Having grown up in a loving family surrounded by servants, good books, and many luxuries of life, Maud McLure Kelly could easily have settled into the life of a typical society matron. Instead, her very devotion to her family guided her into a career in law. As she reached maturity, she saw her once wealthy family experiencing serious financial problems and facing bankruptcy. Determined to earn money, she changed from a society girl into a career woman.
Fascinated by her father's law practice, by the age of five, Maud Kelly had announced that she intended to be a lawyer. When Judge Richard Kelly moved his practice from Anniston to Birmingham shortly after her graduation from Noble Institute, Miss Kelly became his stenographer. She grew painfully aware of his need for her assistance with the business affairs related to his practice, and she also realized her own professional aptitude and her fascination with the field of law. She began to study law, and in 1907 her performance on the entrance exam at the University of Alabama Law Department merited her admission to the school as a senior - the second woman ever to have been admitted.
Maud Kelly graduated with highest honors in only one year, but she still had to overcome the Code of Alabama, which was worded in a way that excluded women. A friend of hers pushed through legislation to change the wording in the Code from "his diploma" to "his or her diploma," and she became the first woman to practice law in Alabama. She was said to have considered her acts of opening the door for women to the active, actual practice of law in Alabama as her most important contribution. As a woman practicing law in the South, she gained the distinction of being the first among her peers to plead a case before the United States Supreme Court.

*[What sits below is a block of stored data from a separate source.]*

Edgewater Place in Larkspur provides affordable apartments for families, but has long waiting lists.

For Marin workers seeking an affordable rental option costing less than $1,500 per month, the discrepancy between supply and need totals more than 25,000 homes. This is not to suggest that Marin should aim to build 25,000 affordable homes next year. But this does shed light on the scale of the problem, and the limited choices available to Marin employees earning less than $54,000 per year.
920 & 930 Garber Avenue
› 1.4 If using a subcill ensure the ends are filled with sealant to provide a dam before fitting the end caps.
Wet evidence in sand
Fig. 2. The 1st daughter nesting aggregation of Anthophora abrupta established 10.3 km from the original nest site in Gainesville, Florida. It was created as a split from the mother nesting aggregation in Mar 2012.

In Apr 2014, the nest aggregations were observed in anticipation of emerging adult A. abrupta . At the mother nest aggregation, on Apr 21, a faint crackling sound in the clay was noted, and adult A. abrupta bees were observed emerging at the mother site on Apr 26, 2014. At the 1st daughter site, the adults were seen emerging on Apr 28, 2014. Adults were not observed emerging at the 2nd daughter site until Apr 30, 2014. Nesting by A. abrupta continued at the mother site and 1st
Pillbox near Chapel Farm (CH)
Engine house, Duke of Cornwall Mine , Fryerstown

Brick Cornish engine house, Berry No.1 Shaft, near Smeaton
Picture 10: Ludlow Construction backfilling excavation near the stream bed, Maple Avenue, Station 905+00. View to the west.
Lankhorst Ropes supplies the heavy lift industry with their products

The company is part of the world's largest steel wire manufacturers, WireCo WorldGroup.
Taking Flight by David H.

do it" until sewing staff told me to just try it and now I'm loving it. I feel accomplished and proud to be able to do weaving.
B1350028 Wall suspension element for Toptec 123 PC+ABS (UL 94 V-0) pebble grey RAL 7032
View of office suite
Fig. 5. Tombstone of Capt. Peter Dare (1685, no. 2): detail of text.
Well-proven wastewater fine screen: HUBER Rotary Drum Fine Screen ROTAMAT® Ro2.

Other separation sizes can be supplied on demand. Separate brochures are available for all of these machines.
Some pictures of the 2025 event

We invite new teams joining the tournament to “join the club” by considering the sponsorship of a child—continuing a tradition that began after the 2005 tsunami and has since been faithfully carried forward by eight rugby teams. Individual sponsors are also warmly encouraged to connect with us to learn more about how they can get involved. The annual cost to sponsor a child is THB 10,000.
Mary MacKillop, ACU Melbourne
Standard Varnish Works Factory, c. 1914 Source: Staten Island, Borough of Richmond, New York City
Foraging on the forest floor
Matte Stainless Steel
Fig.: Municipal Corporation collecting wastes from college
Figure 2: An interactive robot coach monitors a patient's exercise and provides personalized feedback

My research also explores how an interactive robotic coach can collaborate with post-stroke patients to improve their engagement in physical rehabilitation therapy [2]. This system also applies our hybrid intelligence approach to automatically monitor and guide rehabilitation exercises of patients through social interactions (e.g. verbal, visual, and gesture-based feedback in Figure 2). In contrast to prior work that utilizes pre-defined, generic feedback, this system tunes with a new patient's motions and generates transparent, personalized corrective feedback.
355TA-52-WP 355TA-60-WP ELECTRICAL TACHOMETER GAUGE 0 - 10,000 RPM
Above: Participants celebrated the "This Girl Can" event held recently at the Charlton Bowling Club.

Maud Kelly's successes in the world of law are well documented, but to genealogists and historians of Alabama, her name is synonymous with the terms "dedicated researcher" and "accurate information." Using her legal training and her keen mind, she took every opportunity while traveling in her law practice to visit courthouses to collect genealogical information. She later joined the staff of the Alabama Department of Archives and History. Then, working with Marie Bankhead Owen, she traveled to all areas of Alabama to acquire materials for the Department. She continued to add to her personal library, and in 1970, she donated to Samford University her extensive collection, including biographies of state officials and data of prominent families, census records, public land records, minutes of early governmental proceedings, tax lists, information on marriages, and rosters of Civil War soldiers. Her gift placed the Samford facility among the front ranks of Alabama libraries in holdings of manuscript material.
Kelly's work with reclaiming for posterity the long lost, decaying documents in the attics and basements of many courthouses in the state, her participation in clubs and patriotic societies, and her support for the rights of women must be added to her other outstanding contributions. While continuing to embody the traditional values of home, country, and morality, she made invaluable contributions to the betterment of life for women in Alabama, as well as to the preservation of the heritage of all Alabamians.
Bibliography
Turner, Freda Reid, ed. History of the Pace Family: from Manuscripts of Miss Annie
Jones, Barnabas Pace, and Maud McClure Kelly. Roswell, Ga.: Wolfe Publishing, 1995.